The group, known as the Handala Hack Team, shared Patel’s purported resume and photos of him on its website along with a statement that says: “This is just our beginning.”
“If your director can be compromised this easily, what do you expect from your lower-level employees?,” it says. The FBI said the information accessed is “historical in nature and involves no government information”.
This isn’t the first time Iranian-backed hackers breached Patel’s account.

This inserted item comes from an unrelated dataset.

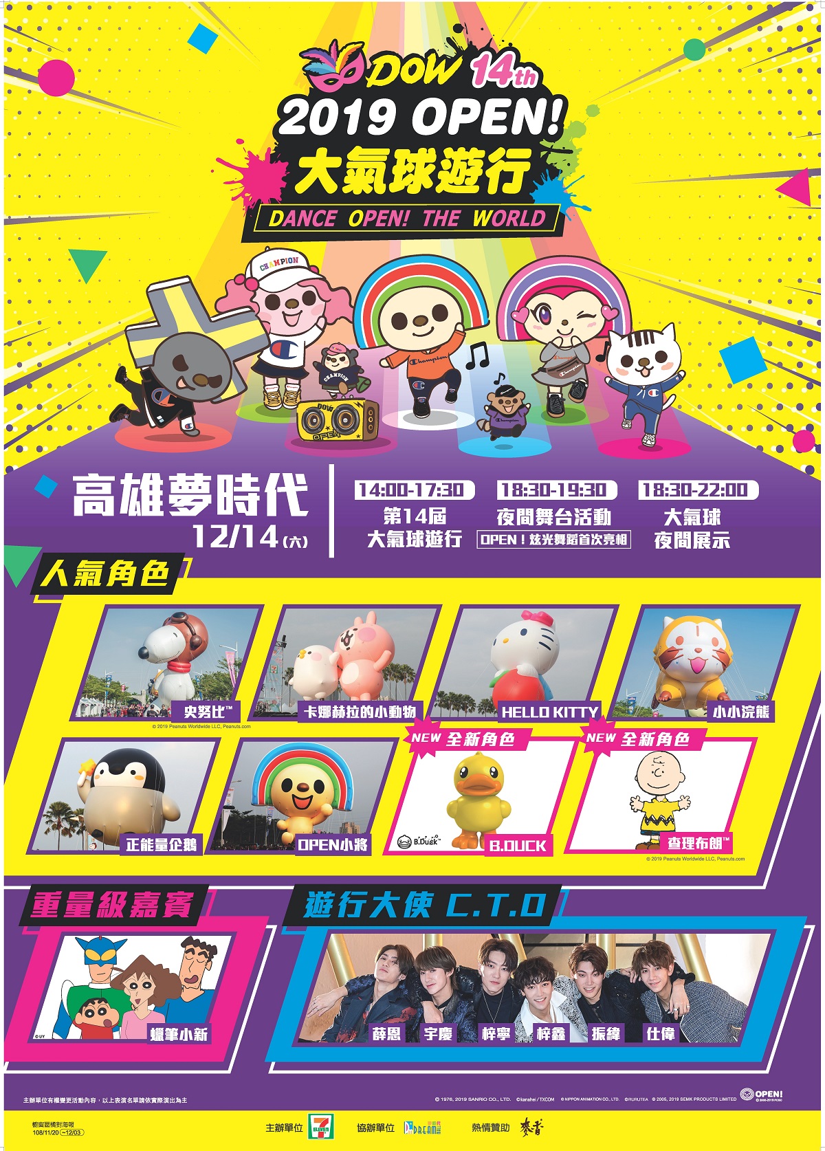 2019年12月05日全台規模最大的卡通氣球遊行終於強勢回歸啦!「2019 7-ELEVEN OPEN!大氣球遊行」將於12月14日在高雄時代大道登場,活動當天更將有20組卡通大氣球、高達千位表演團隊一起踩街同樂,還有查理布朗、蠟筆小新及B.DUCK小黃鴨的大氣球首度亮相~一年一度的卡通氣球遊行一定要衝一波啊!
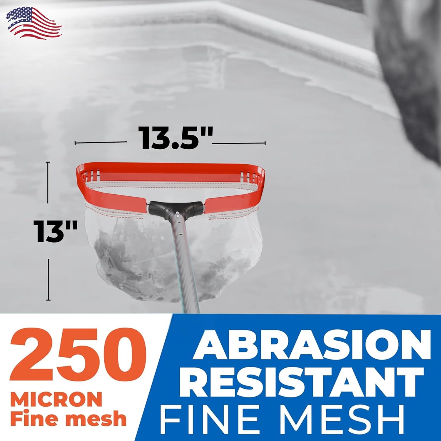 • WORK FASTER WITH "SMOOTH GLIDE" 250 MICRON MESH - The perfect "just right" combination of speed and filtration. Grab virtually all surface and sunken pool debris (including san, silt and pollen) from your client's pool without "pushing" all the water. Skim and rake quickly and efficiently, banking that time for more pools or more family time after a long day.

He was also targeted in 2024, weeks before his appointment to the FBI.
Photos Handala claims to have taken from Patel’s email account have been circulating on social media with Handala’s logo added as a watermark.
The photos show Patel at various unidentified locations, including standing beside a vintage convertible, smiling next to a jet, smoking and sniffing cigars, taking a selfie next to a bottle of liquor, and posing in what appear to be restaurants and hotels.
The BBC has not independently verified the leaked documents.
In its statement announcing the hack, the Handala group said the “so-called ‘impenetrable’ systems of the FBI were brought to their knees within hours by our team”. “This is the security that the US government boasts about?! This is the cyber giant that thinks threats and bribes can silence the voice of resistance?!”
The FBI said that it was offering up to $10m (£7.5m) for information that helps identify members of the Handala group.
Last week, the US justice department seized several Handala domain names it says were involved in hacking schemes linked to the Islamic Republic of Iran.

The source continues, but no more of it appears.